Task objective: Return all the lines below exactly as written. Drop every picture.

Recorded data:

▼

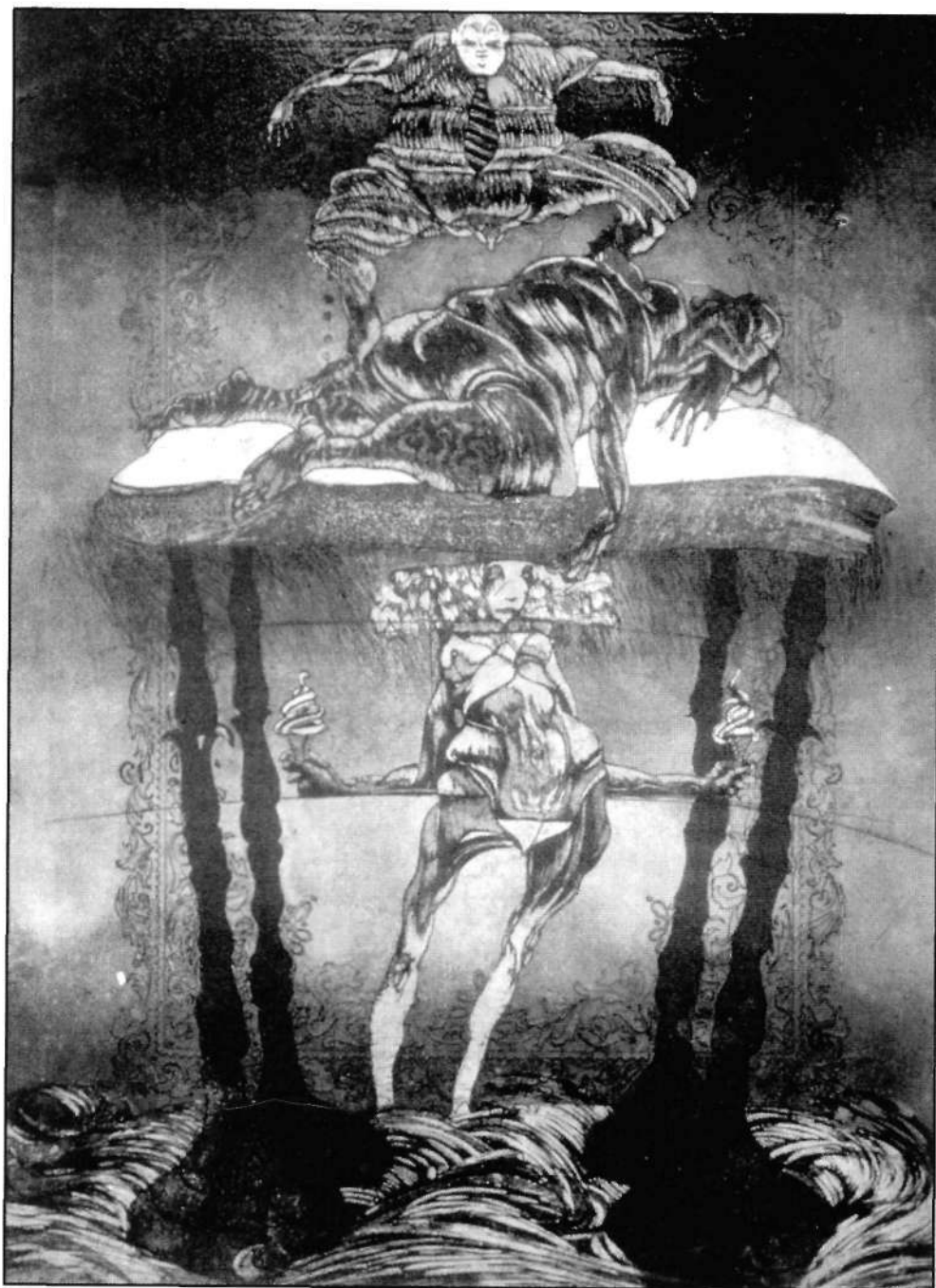
A császár és a halál
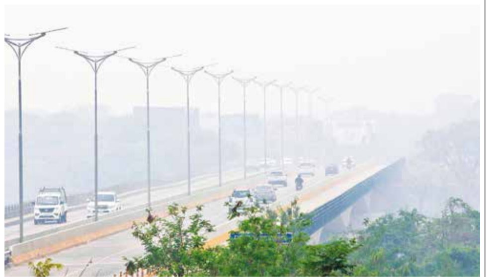
La densa humareda de los incendios en Santa Cruz.
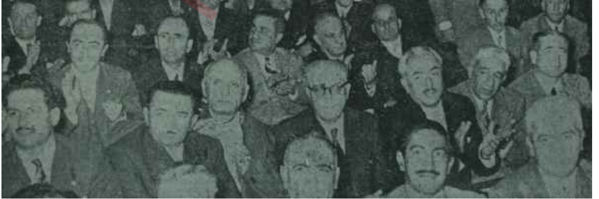
Alkış tutan sabık D.P.Meclis grubu üyeleri Gün ola, harman ola

Menderes, sırta geçirilen bir kudret hırkasının insanı ne yaptığını, 400 milletvekili ise bir kudret hırkasının karşısında insanların ne bale gelebileceğinin âdeta elle çizilmiş resmidir. Şimdi, kelle kurtarma çabasında iki tarafın birbirini suçlaması, ya da temiz niyetlerinin delili olarak ötekinin sünepeğini göstermeye kalkışması ise şark topluluklarının dışa vurmuş bir iç hastalığından ibarettir.

▲

Response to this exercise:
A császár és a halál
La densa humareda de los incendios en Santa Cruz.
Alkış tutan sabık D.P.Meclis grubu üyeleri Gün ola, harman ola

Menderes, sırta geçirilen bir kudret hırkasının insanı ne yaptığını, 400 milletvekili ise bir kudret hırkasının karşısında insanların ne bale gelebileceğinin âdeta elle çizilmiş resmidir. Şimdi, kelle kurtarma çabasında iki tarafın birbirini suçlaması, ya da temiz niyetlerinin delili olarak ötekinin sünepeğini göstermeye kalkışması ise şark topluluklarının dışa vurmuş bir iç hastalığından ibarettir.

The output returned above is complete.